Oakley was overwhelmed with the bureaucracy at the 5,000-employee, $1.6 billion agency, said Quinn, who sponsored the budget amendment to extend Haley’s appointment authority.

“Pretty much every legislator has a story about having a difficult time getting decisions from her,” he said. “And when she made decisions, they were counter-intuitive to the best interests to the state,” including approval of lower priority road projects.

In Lexington County, for example, Quinn expected work on Corley Mill Road, which is busier with a new high school and additional residential construction.
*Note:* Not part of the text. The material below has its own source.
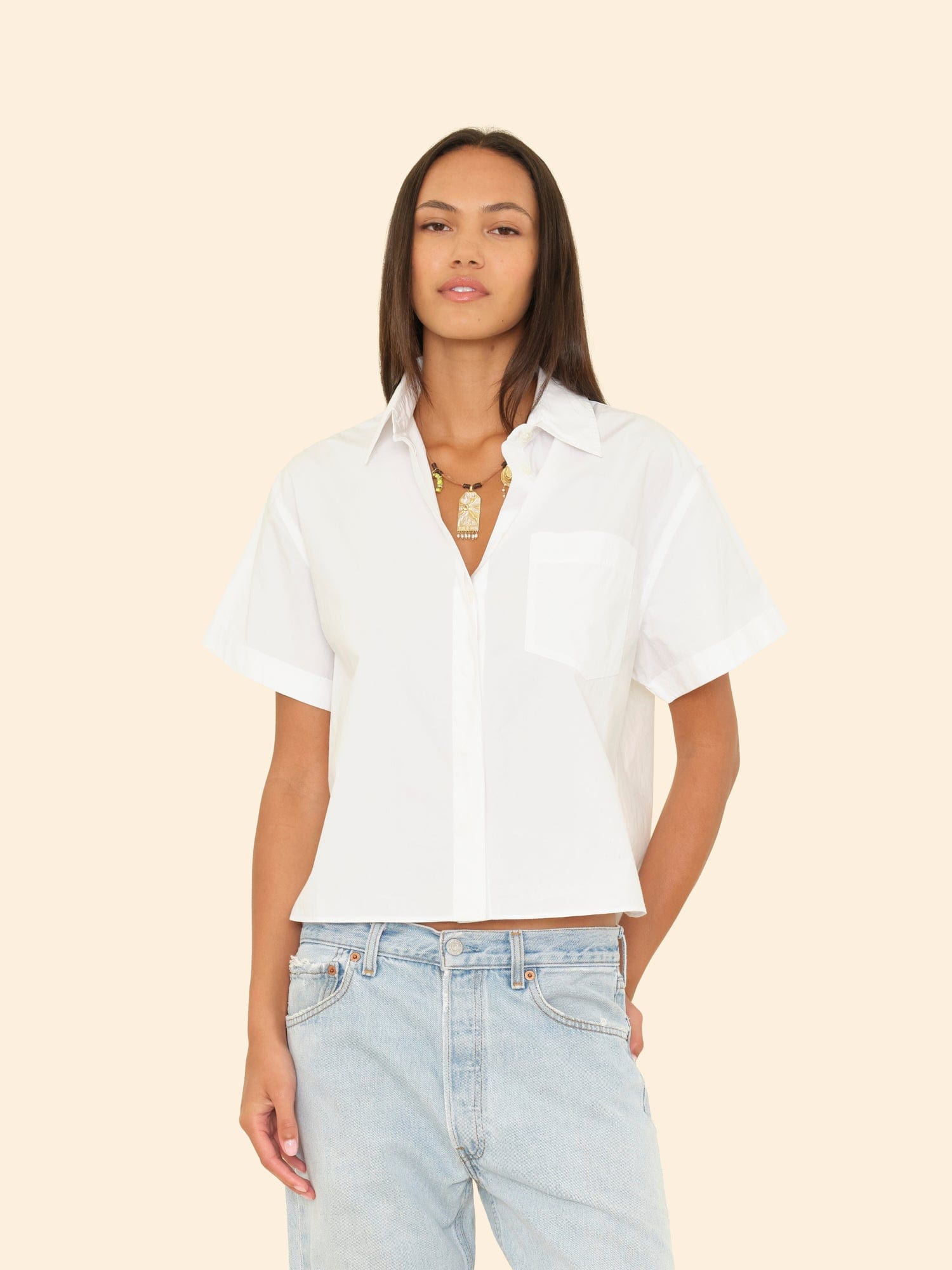 Easy does it. Drake is made in our new crisp paper poplin with a refined feel. This button-front shirt features a hidden placket, rolled sleeves, left chest patch pocket, and a high low shirttail hem.

But that work has not been done.

“The bureaucracy at DOT was not going in the right direction,” he said. “It’s a dysfunctional agency in need of reform.”

The Transportation Department referred questions about Oakley’s departure Monday to the governor’s office.

The department is funded mostly from the state’s 16.75-cent-a-gallon gas tax and federal 18.4-cent-a-gallon gas tax.

The agency has estimated it needs an added $1.5 billion a year through 2040 to expand, maintain and preserve the state’s highways, bridges and transit system. Others, however, have put the amount needed to repair the state’s road system at far lower — roughly $400 million a year.

Debate during the 2015 legislative session has focused mainly on whether the gas tax should be increased to raise more money for the agency to repair roads and bridges.

However, a gas-tax increase is likely to die in the state Senate this week, where a libertarian-leaning senator is filibustering another proposal in opposition to raising prices at the pump.

State Rep. Gary Simrill, R-York, who chaired a House transportation committee that drew up the road-repair bill now being blocked in the Senate, said Oakley was accommodating. “Secretary Oakley has been very forthright and very helpful.”

Still, Simrill said he had heard frustrations about Oakley. But, he added, “I’m cautious on the frustrations because I think it is symbolic of the structure that we have, more than it is a person that we would have.”

The Transportation Department currently is overseen by a commission appointed by legislators and administered by a secretary appointed by the governor.

“That becomes problematic,” Simrill said. “It’s difficult for anyone in that position.”

Oakley took over the agency after Robert St. Onge resigned after a drunken-driving charge.

She arrived in Columbia after spending nearly 15 years as director of policy and government relations for the American Association of State Highway and Transportation Officials.

When Haley appointed Oakley, the Republican governor praised her experience with federal highway and grants programs.

“Everybody came with a different region in mind,” Haley said of the other candidates. “They wanted to help the Pee Dee. They wanted to help the Lowcountry. They wanted to help the Upstate. ... What I didn’t want was someone who was going to continue improving infrastructure (just) in a region of South Carolina.”

At the time of her appointment, Oakley said that working with transportation chiefs across the nation gave her insight into successful fixes.

Oakley has ties to South Carolina with relatives living in the Upstate and a house on Edisto Island, where she and her husband plan to retire.

“I was able with this opportunity to speed up this move to South Carolina, which I am delighted to do,” Oakley said then.